Her company is trying to leverage the collective knowledge of disease communities to discover new connections between symptom patterns and underlying diagnoses. For example, after the jump you can see a graph generated by CureTogether.com's user surveys that illustrates the most frequent co-morbidities reported with vulvodynia.
Could information like this one day be useful in clinical decision-making? Perhaps, though it would be terribly difficult to interpret. How's a doctor supposed to tease apart co-morbidities that are spuriously linked from those that represent real clues as to common etiology? Is it ethical to make clinical decisions on the basis of uncorroborated Internet surveys?
It's my hope that generic user surveys like this get tied to more robust analysis, including an attempt to tease out confounders (it sounds like CureTogether.com is trying to do this). Currently the population sizes in question are probably far too small to drive any significant outcomes analysis, but expect to see more sites like this spring up in the coming years...
The real value may be in the sense of 'working towards a cure' that it gives to patients. Here's a money passage:
Reading her comments, it strikes me that we face a similar challenge at ClinicalTrialsWiki.org in trying to develop a core community of users who are motivated to populate our site with discussion and commentary.Me: Which kinds of takes us back to your prior life in genomics and ideas about GeneTwist. Care to speculate about the actual ways that CureTogether's data and community will actually lead to cures, together?
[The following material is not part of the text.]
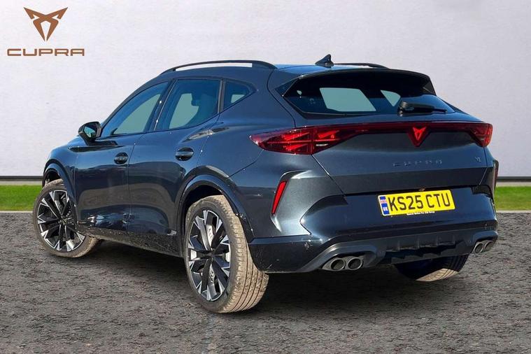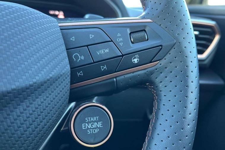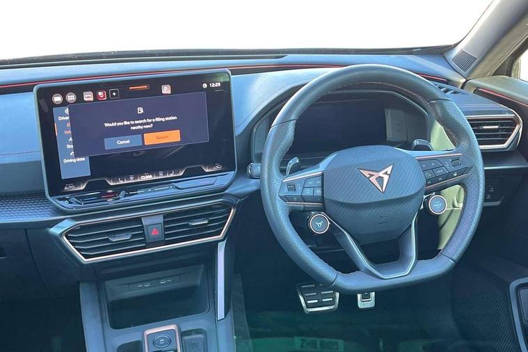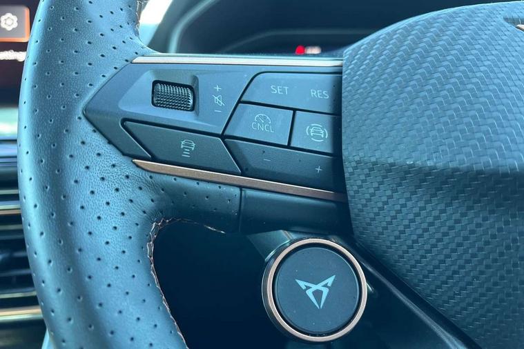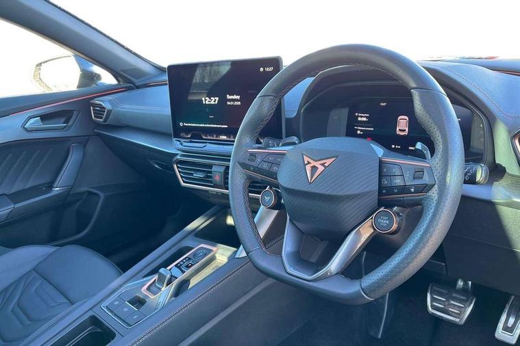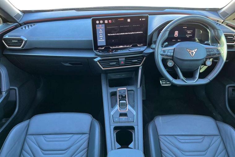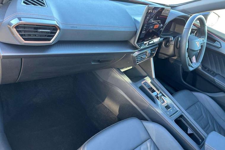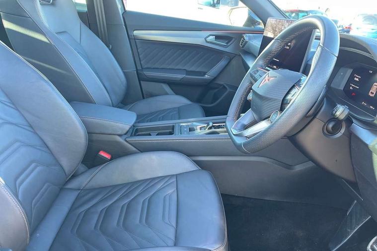 10.25" digital cockpit and configurable dashboard, Adaptive cruise control with follow-to-stop and speed limiter, Advanced driver alert system, Advanced lane assist with semi-automatic vehicle control in a medical emergency and traffic jam assist, Dynamic chassis control with driving profile selection (Comfort, Sport, CUPRA, Individual), Dynamic road sign display, Emergency steering support with turn assist, Forward collision warning with automatic braking, Full link phone integration, Intelligent park assist, RPM, trip computer, outside temp gauge, instrument light brightness, low fuel warning light, lights on reminder, gearshift indicator, Service interval indicator, Side and exit assist, Speed sensitive power steering, Start/stop system with regenerative braking, Top view camera, Virtual pedal and electric tailgate, Voice control system, Wired Android Auto, Wireless apple carplay, Wireless phone charger, Adaptive chassis control with continuous operation, CUPRA sport suspension, Electronic locking differential and dynamic traction support, 2 front and 2 rear USB type C sockets, Media system with navigation, 12.9" touchscreen display, voice control, DAB, steering wheel mounted controls, Auto dimming rear view mirror, Body colour door handles, Body coloured bumpers, Dark grey wing mirror, Daytime running light with automatic headlight control and coming home feature, Door panel ambient lighting, Dynamic headlight range control, Electric front/rear windows, Electrically adjustable heated and folding door mirrors with memory function, Gloss black roof rails and window surrounds, High beam assist, LED 3rd brake light, LED front fog lamps with cornering function, LED Taillights with dynamic indicator, Matrix LED headlights with multifunction camera, Rain sensing wipers, Rear diffuser with twin exhaust pipe on each side, Rear fog lights, Rear side wing doors, Rear wash/wipe, Tinted rear windows, Welcome lights (within exterior mirror housing), 12V socket, 2 front and 2 rear reading lights, 3 seat bench in 2nd row, 60/40 split rear bench seat with armrest and mechanical seat release, Black headlining, Black interior roof lining, Cupra sports pedals, Dust/pollen filter, Electrically adjustable front seats with lumbar support and memory function, Front and rear head restraints, Front centre armrest, Heated front seats, Heated supersports multifunction leather steering wheel with satellite buttons and gear shift paddles, Height/reach adjust steering wheel, Illuminated aluminium doorsteps, Illuminated interior front door sills, Illuminated sunvisor with mirror, Isofix, Leather dashboard, door insert and side trim panel, LED smart wraparound lighting, PVC/Leather upholstery, Satellite steering wheel, Single front passenger seat, Storage pockets on rear of front seats, Three zone climate control with control panel in rear, Variable luggage/load compartment floor, 3 point seatbelts on all rear seats, ABS, Brake control system - ESC and brake booster, Child proof door locks, Driver and front passenger airbags with front passenger airbag de-activation, Electronic parking brake, Front and rear disc brakes, Front side curtain airbags, Hill hold control, Pre-crash front and rear seat belt tensioner, window closure and hazard lights, Public e-call, Seat belt reminder for front and rear seats, Tyre pressure monitoring system, Anti theft alarm system, KESSY Advanced - Keyless start, keyless entry with SAFELOCK, Locking wheel bolts, Copper and aluminium interior detailing, 19" Artic machined sport black and silver alloy wheels, Breakdown and tool kit,

Alexandra: Yes, the grander vision for down the road is to integrate all kinds of data - genome scans, biomarker tests, streaming data from wifi health tracking gadgets. Collaboration with the larger research community as well, integrating our data with traditional clinical trial data. We already have researchers knocking on our doors wanting to start analyzing the data.
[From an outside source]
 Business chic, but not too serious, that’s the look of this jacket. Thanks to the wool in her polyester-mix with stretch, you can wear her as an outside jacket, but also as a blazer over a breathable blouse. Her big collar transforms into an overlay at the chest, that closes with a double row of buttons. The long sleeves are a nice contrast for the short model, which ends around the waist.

Me: So now "all" you have to do is get more people and more data into the site. How are you going to do that?
Alexandra: That's a good question! By talking to people like you, for a start. Health and condition-specific bloggers seem happy to help spread the word. Disease foundations have also approached us, eager to help out. And media have all been coming to us so far. I just started the process of seriously getting out there in the past couple of weeks - I'm even on Twitter @accarmichael. It's still mostly a grass-roots effort though. If and when we get funding, that could change. But it's very rewarding work. At the end of the day, I know I've spent my time helping people and working to make a difference.